Reporting period: 2020-01-01 to 2021-06-30

Modern Internet services store data in novel cloud databases, which partition and replicate the data across a large number of machines and a wide geographical span. To achieve high availability and scalability, cloud databases need to maximise the parallelism of data processing. Unfortunately, this leads them to weaken the guarantees they provide about data consistency to applications. The resulting programming models are very challenging to use correctly, and we currently do not have advanced methods and tools that would help programmers in this task.

The goal of the project is to develop synergy of novel reasoning methods, static analysis tools and database implementation techniques that maximally exploit parallelism inside cloud databases, while enabling application programmers to ensure correctness. We intend to achieve this by first developing methods for reasoning formally about how weakening the consistency guarantees provided by cloud databases affects application correctness and the parallelism allowed inside the databases. This will build on techniques from the areas of programming languages and software verification. The resulting theory will then serve as a basis for practical implementation techniques and tools that harness database parallelism, but only to the extent such that its side effects do not compromise application correctness.

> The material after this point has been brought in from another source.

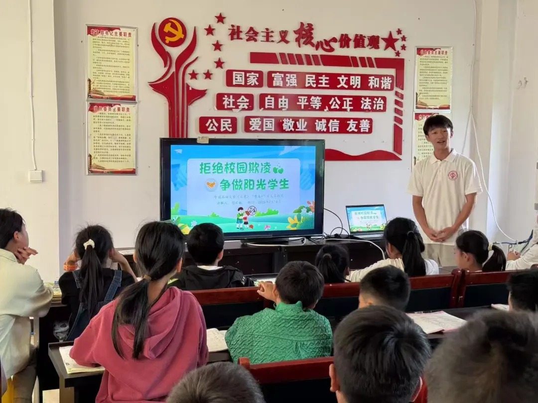 实践团同样关注孩子们心灵的阳光与安全成长。在《抗日战争》主题课堂上,成员们通过生动的情景模拟、感人的英雄故事和贴近生活的案例,将烽火岁月鲜活呈现。孩子们在角色扮演中体会抗战艰辛与不屈,认识少年英雄的勇敢。课堂不仅传递历史知识,更引导领悟团结抗争的民族气节、珍视和平的意义,并启发学习先辈勇气,在遭遇不公时勇敢发声、保护自己与同伴。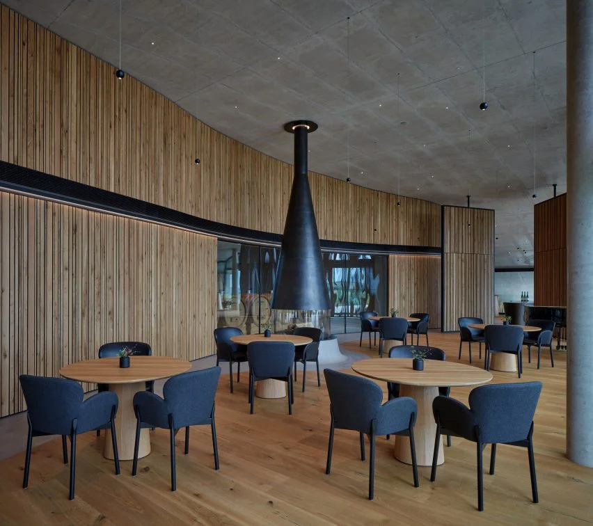 在酒厂内部,屋顶结构的混凝土暴露在外,形成了原始的天花板。这些与覆盖在接待室和品酒室墙壁上的木条形成对比,其中心设有混凝土和钢制壁炉。在公寓中,一张中央床位于木质覆盖的浴室后面,由一条弯曲的裸露混凝土隧道构成,形成墙壁和天花板。

The proposed project is high-risk, because it aims not only to develop a rigorous theory of consistency in cloud databases, but also to apply it to practical systems design. The project is also high-gain, since it will push the envelope in availability, scalability and cost-effectiveness of cloud databases.
We have investigated issues of consistency in cloud databases from several angles. First, we investigated specifications of consistency models, in particular snapshot isolation and consistency models that guarantee that clients eventually agree on a global sequence of operations, while seeing a subsequence of this final sequence at any given point of time. We have also investigated consistency issues in the context of transactional memory.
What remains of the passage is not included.